4.2 Multichannel Extension Format
The ISO/IEC MPEG-2 audio service (ISO/IEC 13818-3) is a backward-compatible Multichannel audio channel extension of the MPEG-1 stereo audio service. The MPEG-2 audio service is capable of providing 5.1 audio channels while ensuring that the existing two-channel decoders will still be able to decode compatible stereo information. The process for handling the additional Multichannel data that provide backward compatibility are show in Figure 5 and 6.

Figure 5. MPEG Multichannel Extension.
The variable length of the MPEG-1 format in Ancillary Data (see Figure 6.) implies that it can be used either to carry the C, Ls, Rs and LFE information or that it can be used to carry a second stereo program (L2, R2).

Figure 6. Audio Bit Stream Format.
4.3 Low Sampling RatesMPEG-2 defined three new sampling frequencies, half those used MPEG-1, that are closer to Nyquist rate and that allow for improved coding schemes.
Reduced sampling rates offers the following advantages (at the price of the a reduced bandwidth):
The discrimination between MPEG-1 and MPEG-2 depends on the value of one bit in the header called ID bit or identification bit :
|
MPEG-1 Audio |
ID = 1 |
|
MPEG-2 Audio |
ID = 0. |
4.4 Dolby AC-3
The AC-3 system use a hybrid backward/forward adaptive core bit allocation routine. The core routine is relatively simple and based on a specific psychoacustic model.
The AC-3 syntax forms a 16 bits sync word and an 8 bit word which indicates the sampling rate and frame size (SI), bit stream info (BSI), the six transform coded audio blocks (32 ms of audio), and a 16 bit CRC error check code into an AC-3 sync frame. The BSI contains information about the number of channels coded, dialog level, language code, and information on associated services. A 5 bit field in the BSI indicates the level of average spoken dialog within the encoded audio program relative to the level of a full scale 1 kHz sine wave [1].
The first application of AC-3 was digital optical soundtrack in 35 mm cinema, in addition to analog Dolby Stereo, which matrix-process four channels onto two optical soundtracks (4:2:4 Multichannel system). The coder will also be a candidate in the upcoming ISO/MPEG evaluations of non compatible MPEG-2 (1318-7) coding algorithms.
4.5 MPEG-2 Advanced Audio Coding (AAC)
The MPEG-2 AAC standard is a new, state of art audio standard that provides very high audio quality at a rate of 64 Kb/s/channel for Multichannel operation. It provides capability of up to 48 main audio channels, 16 low frequency effects channels, 16 overdub/multilingual channels, and 16 data streams. There are three profiles for AAC standard, called Main Profile, Low Complexity Profile, and Scalable Sampling Rate (SSR) Profile. The Main Profile is intended for use when processing, and especially memory. The Low Complexity Profile is intended for use when cycles and memory use are constrained, and the SSR Profile when a Scalable decoder is required. The Main and the Low Complexity Profiles have been tested at 320 Kb/s for 5 channel audio Programmes, and both have desmonstrated better quality than competing audio coding algorithms running at 640 Kb/s (MPEG-2 BC) for 5 channel program.

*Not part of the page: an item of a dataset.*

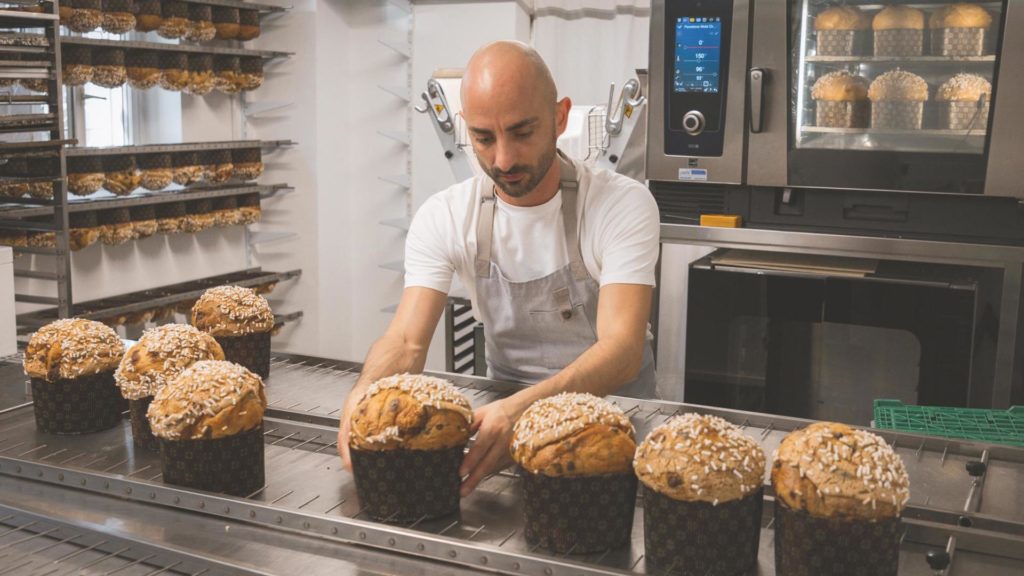 Zwanzig Panettoni finden in dem zirka einen Quadratmeter Stellraum benötigenden Gerät Platz. Für den rund 35 Minuten dauernden Backprozess nutzt Ariano einen selbst definierten Garpfad. Ein mit sechs Sensoren ausgerüsteter Kerntemperaturmesser kontrolliert die Temperatur im Innern der Panettoni, bei 96 Grad ist das Ziel erreicht. Anschliessend werden sie aufgespiesst und eine Nacht lang kopfüber aufgehängt, bevor sie verpackt werden und in den Verkauf gelangen. 2000 Panettoni in drei Sorten produziert Ariano pro Jahr. Aus dem gleichen Teig, aber mit einem angepassten Rezept, stellt Ariano auch die Spezialitäten Bauletti und Colomba her. Bauletti sind das ganze Jahr erhältlich, Colomba wird zu Ostern und Panettone zur Weihnachtszeit angeboten.

AAC is a state of art audio compression algorithm that provides compression superior to that provided by older algorithms such as AC-3. AAC and AC-3 are both transform coders, but AAC uses a filterbank with a finer frequency resolution that enables superior signal compression. AAC also uses a number of new tools such as temporal noise shaping, backward adaptative linear prediction, joint stereo coding techniques and Huffman coding of quantized components. AAC is much more flexible than AC-3, in that AAC supports a wide range of sampling rates and bitrates, forms one to 48 audio channels, up to 15 low frequency enhancement channels, multi-language capability and up to 15 embedded data streams.
5.0 MPEG-2 SYSTEM
MPEG-2 System is an ISO/IEC standard (13818-1) that defines the syntax and semantics of bitstreams in which digital audio, visual data, and data are multiplexed. This is specified in two forms: Program Stream and Transport Stream. Each is optimized for a different set of applications.

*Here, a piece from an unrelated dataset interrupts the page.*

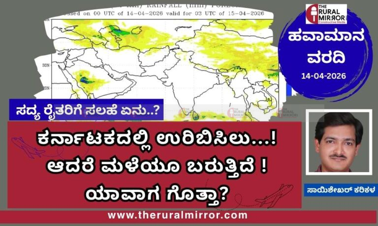 ದಕ್ಷಿಣ ಒಳನಾಡು : ಮೈಸೂರು, ಚಾಮರಾಜನಗರ, ಮಂಡ್ಯ ಜಿಲ್ಲೆಗಳಲ್ಲಿ ರಾತ್ರಿ ಮೋಡದ ವಾತಾವರಣ ಕಂಡುಬರಲಿದೆ. ಉಳಿದ ಭಾಗಗಳಲ್ಲಿ ಸಣ್ಣ ಪ್ರಮಾಣದ ಮೋಡ ಕವಿದ ವಾತಾವರಣ. ಏಪ್ರಿಲ್ 18 ರವರೆಗೆ ಮಳೆಯ ಸಾಧ್ಯತೆ ಕಡಿಮೆ. ಪ್ರತಿದಿನ ಕೃಷಿ-ಗ್ರಾಮೀಣ-ಪರಿಸರ ಹಾಗೂ ಇತರ ಮಾಹಿತಿಗಾಗಿ ನಮ್ಮ “ದ ರೂರಲ್ ಮಿರರ್.ಕಾಂ”WhatsApp Channel ಗೆ ಇಲ್ಲಿ ಕ್ಲಿಕ್ ಮಾಡಿ

The Program Stream is designed for use in relatively error free environments and suitable for application which may involve software processing. The reason is firstly, the program stream comprises a succession of relatively long variable length packets. Each packet begins with a packer header. An error occur in the packet header would causes the loss of entire packet (a stream packet may contain several kilobytes of data and this can represent the loss and corruption of an entire video frame). Secondly, the variability of packet length means that a decoder cannot predict where one packet will finish and a new will start. Program stream packets may be of variable and relatively long length.

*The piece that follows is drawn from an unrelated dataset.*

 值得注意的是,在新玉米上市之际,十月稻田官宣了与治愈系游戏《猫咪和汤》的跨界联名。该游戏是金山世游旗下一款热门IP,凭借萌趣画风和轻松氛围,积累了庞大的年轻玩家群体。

The Transport Stream, was devised for multi-programme applications such as broadcasting (DVB, and ISDB) and the single transmission can accommodate many independent programs. It was also designed for use in environments where error are likely such as transmission in noisy media. Transport streams packets are 188 bytes long. The Transport Stream is also used in ATM (section 6.4).
5.1 MPEG-2 Transport Structures
The transport is constructed in a series of steps. First, the raw digital information is formatted into elementary bit streams. Second, the elementary bit streams are formed into packets with descriptive headers. Third, the packetized data is then multiplexed into a program transport. Fourth, multiple program transport streams may then be multiplexed to form a system level multiplex transport stream.
5.2 Multiplexing Video, Audio and Data
The signal ensemble for transmission is formed by multiplexing the several component video, audio and data bit streams that make up the service. The two multiplexing schemes are motivated by different application requirements. In Figure 7, digitized video, audio and data streams, termed elementary bit streams, are first formed into variable-length packet elementary streams or PES packets.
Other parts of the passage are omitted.